Registriert: 31.01.07, 15:01
Beiträge: 10808
Wohnort: 87727 Babenhausen ( Schwaben)
Guten Tag,
da Ihr Mann noch keine neurologischen Ausfälle hat, denke ich auch, dass eine OP momentan in keinster Weise gerechtfertigt wäre.
Mit Ausnahme von Kniebeugen ( ohne Hantel) und Rudern belasten alle anderen Übungen die gesamte Wirbelsäule, wenn auch zum Teil mehr oder weniger die HWS.
Ich schließe mich als Sportmediziner dem Rat des Orthopäden an und rate darüber hinaus,
Maximalkrafttrainung ist kontraindiziert, zum Teil belasten gewisse Übungen in seinem Programm die HWS enorm ( z.B. Military press).
Ein echter Prolaps ist relativ selten, am häufigsten ist bei obiger Erkrankung eine sogenannte Cervikobrachialgie.
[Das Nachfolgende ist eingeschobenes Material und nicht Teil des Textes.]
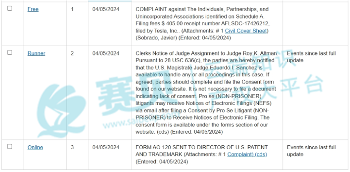 Tesla, Inc.于2024年4月4日和5日在佛罗里达南区连发四案,目前案件24-cv-21263、24-cv-21265、24-cv-60530和24-cv-21278都未有重大进展。有销售相关产品的卖家朋友需要尽快下架产品,以减少损失。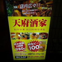 会社帰りに便利な中華料理店です。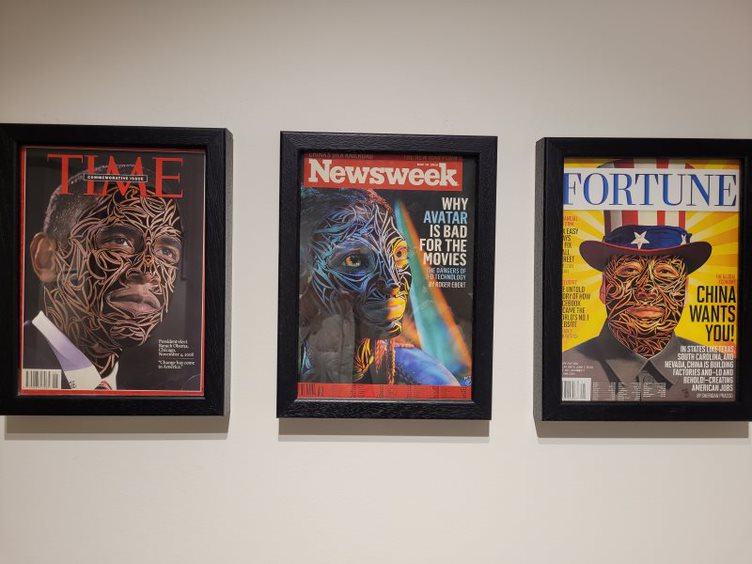 Tatouant les oeuvres d'art d'un trait fluide se propageant comme des racines en réseau veineux sur des objets ou figures mythiques/iconiques les entourant, les enveloppant et les couvrant pour faire ressortir leurs formes et plonger le spectateur dans une vision nouvelle de ses images familières, qui ne laissaient plus en lui que l'impression du déjà vu.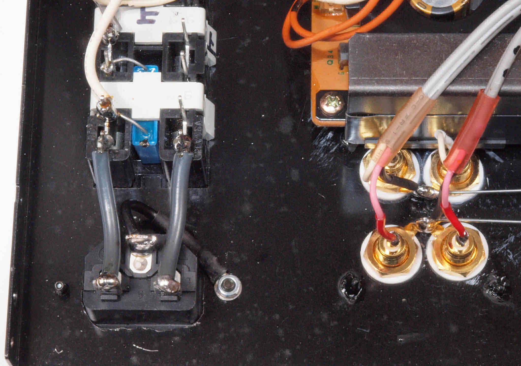 A52. 点検中 出力RCA端子。  テフロン絶縁型と交換。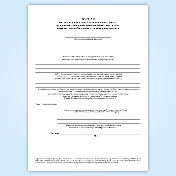 Журнал учета проверок юридического лица, индивидуального предпринимателя, проводимых органами государственного контроля (надзора), органами муниципального контроля (новый) в Рошале купить
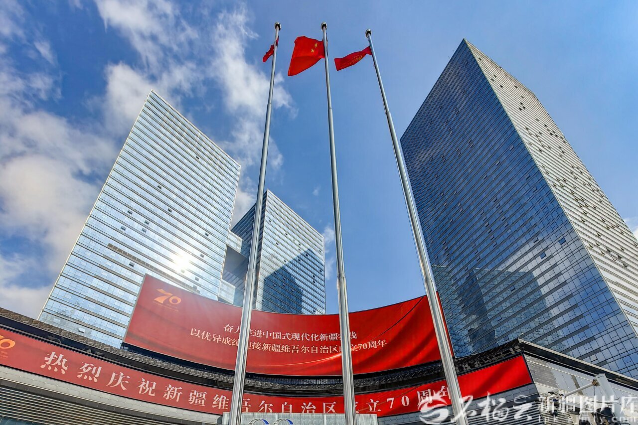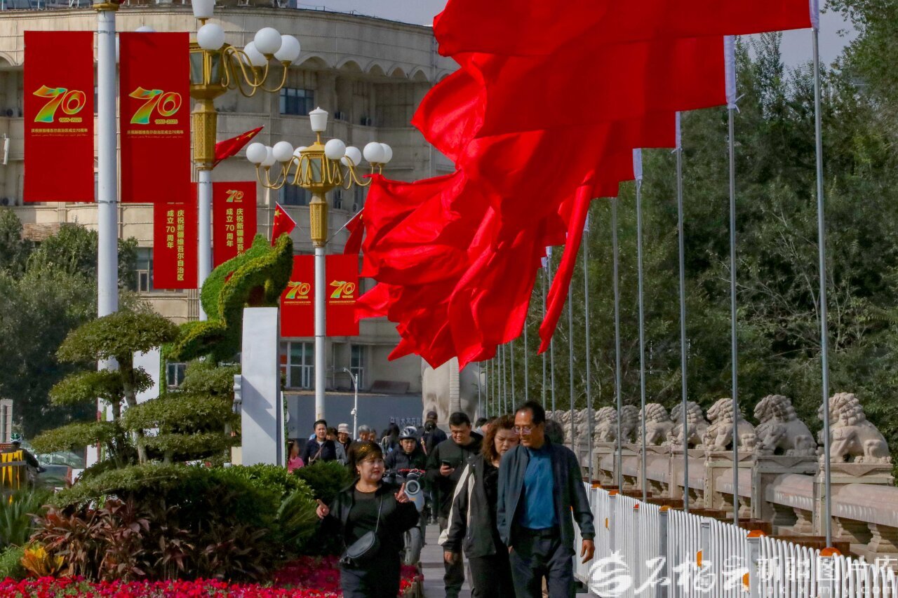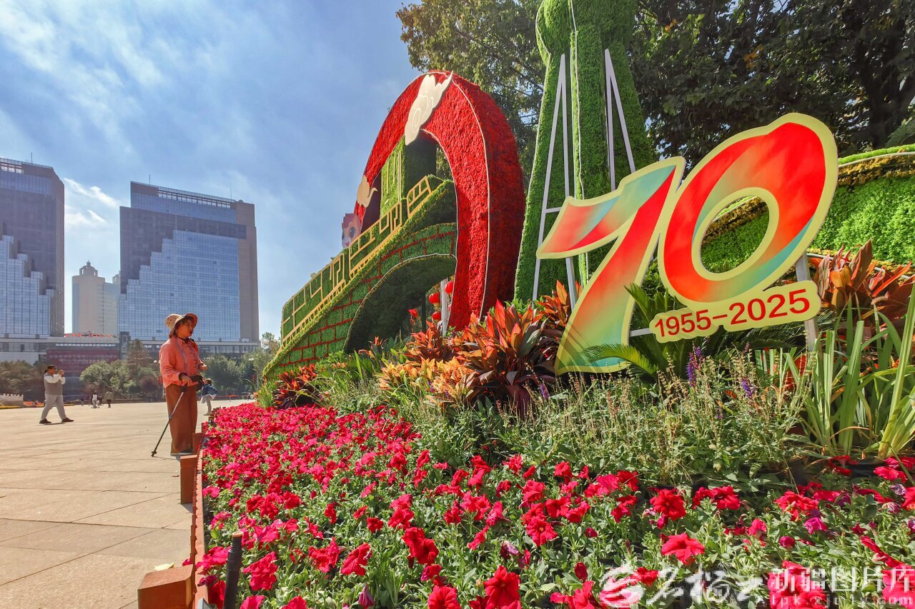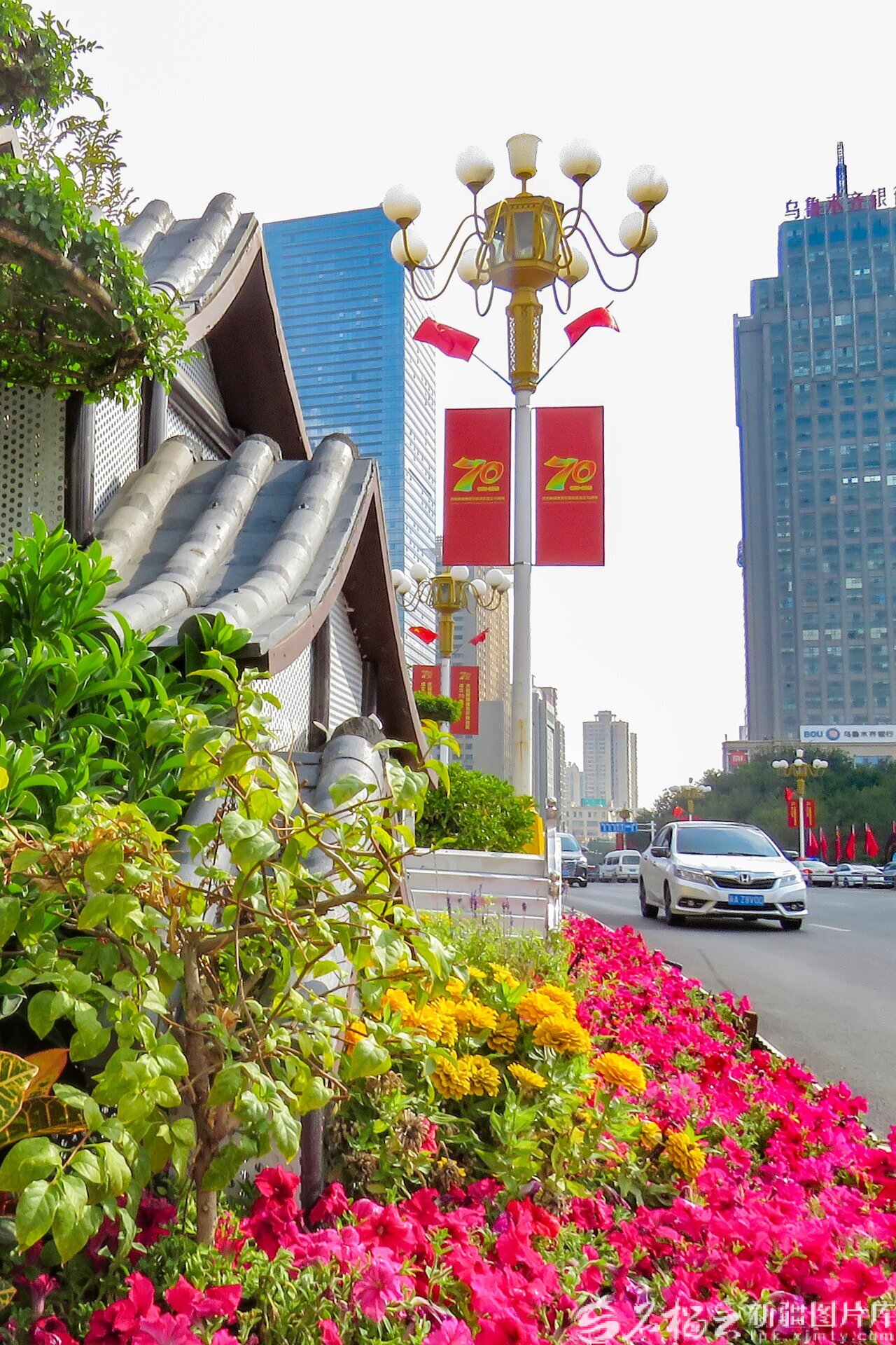天山网-新疆日报讯(记者蔡增乐摄影报道)一场秋雨过后,乌鲁木齐天高云淡,碧空如洗,整座城市沐浴在金秋的阳光中。在新疆维吾尔自治区成立70周年之际,乌鲁木齐市大街小巷花团锦簇、红旗招展,园林景观精美别致,大屏幕、宣传标识牌亮丽喜庆,处处洋溢着喜庆祥和的节日氛围。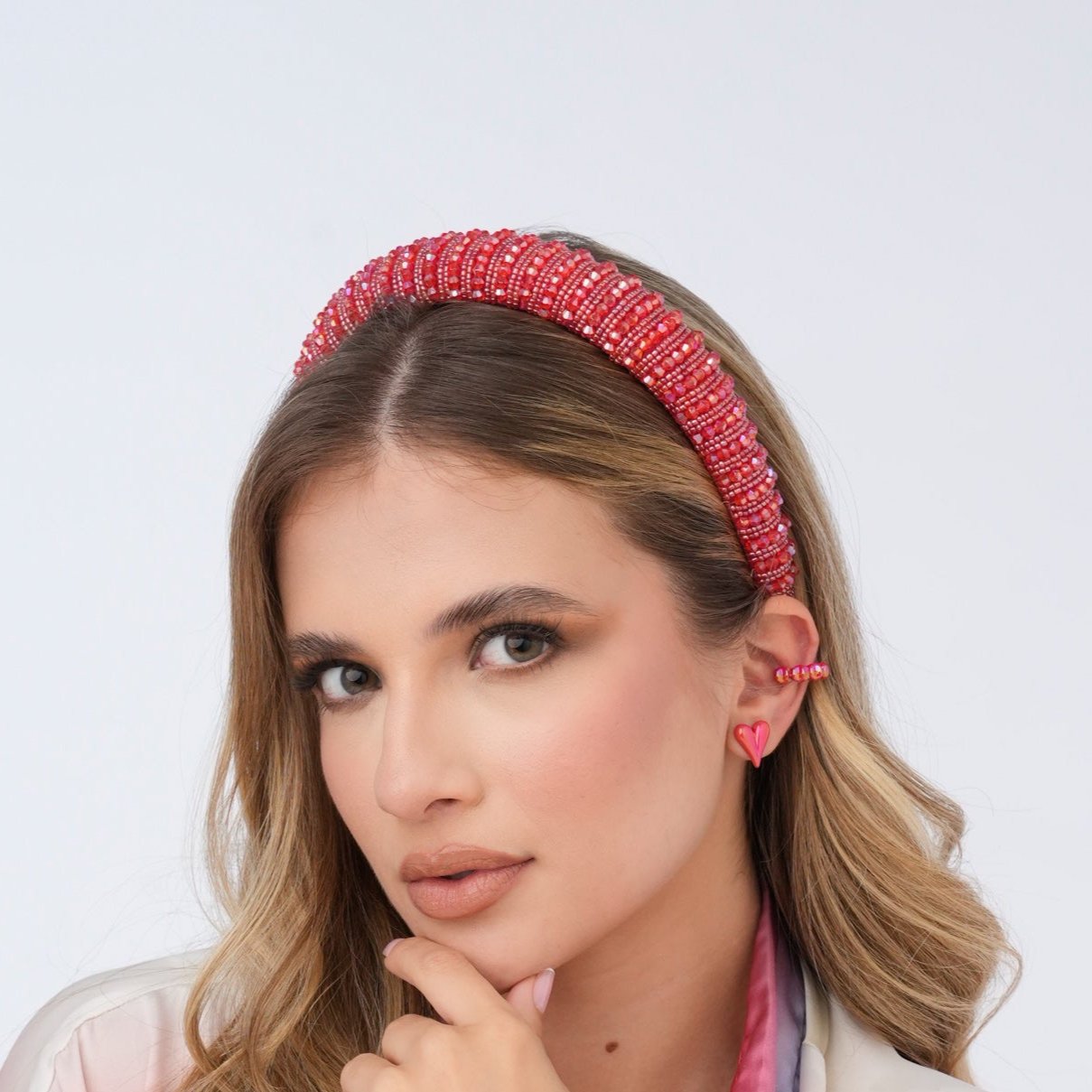 Diadema Tejida Roja Elaborada a mano Con piedras y perlas artificiales

Dennoch ist Vorsicht geboten und wenn schon Training, aus welchen Gründen auch immer ,sein muß, dann würde ich nicht mehr als mit 50 % der bisherigen Intensität üben.
Viele Orthopäden haben auch die Zusatzbezeichnung " Sportmedizin" ( als Frauenarzt bin ich da eine Ausnahme), dort kann er sich detaillierten Rat holen.

_________________
Grüße Dr. Fischer
Unter Bezugnahme auf § 7 (3) der Berufsordnung für Ärzte ist mein Beitrag eine Stellungnahme,die auf den vorliegenden Angaben beruht .Sie ersetzt aber nicht die persönliche Beratung, Untersuchung und Behandlung durch Ihren Arzt.